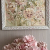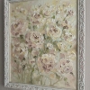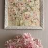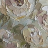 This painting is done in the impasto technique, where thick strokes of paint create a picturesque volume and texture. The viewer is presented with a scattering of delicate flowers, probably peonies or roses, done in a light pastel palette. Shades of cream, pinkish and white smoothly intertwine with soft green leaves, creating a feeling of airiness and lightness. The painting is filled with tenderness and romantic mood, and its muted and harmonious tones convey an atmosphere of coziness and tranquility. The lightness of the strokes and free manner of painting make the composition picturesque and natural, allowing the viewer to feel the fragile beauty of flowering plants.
...
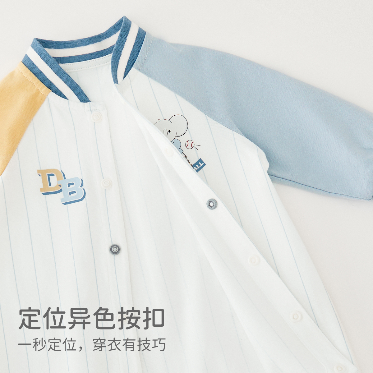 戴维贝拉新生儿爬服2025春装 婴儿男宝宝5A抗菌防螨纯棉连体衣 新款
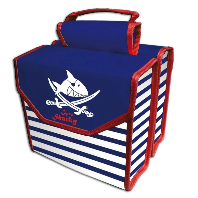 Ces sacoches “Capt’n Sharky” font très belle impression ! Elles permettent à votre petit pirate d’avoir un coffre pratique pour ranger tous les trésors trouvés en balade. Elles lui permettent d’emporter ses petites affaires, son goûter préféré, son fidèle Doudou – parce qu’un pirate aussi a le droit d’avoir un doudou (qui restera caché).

• _What the task requires_: Would you transcribe the lines above exactly, going from the line bearing "戴维贝拉新生儿爬服2025春装 婴儿男宝宝5A抗菌防螨纯棉连体衣 新款" through the line bearing "(qui restera caché).", and drop the pictures from the copy?

• _Written reply_:
 戴维贝拉新生儿爬服2025春装 婴儿男宝宝5A抗菌防螨纯棉连体衣 新款
 Ces sacoches “Capt’n Sharky” font très belle impression ! Elles permettent à votre petit pirate d’avoir un coffre pratique pour ranger tous les trésors trouvés en balade. Elles lui permettent d’emporter ses petites affaires, son goûter préféré, son fidèle Doudou – parce qu’un pirate aussi a le droit d’avoir un doudou (qui restera caché).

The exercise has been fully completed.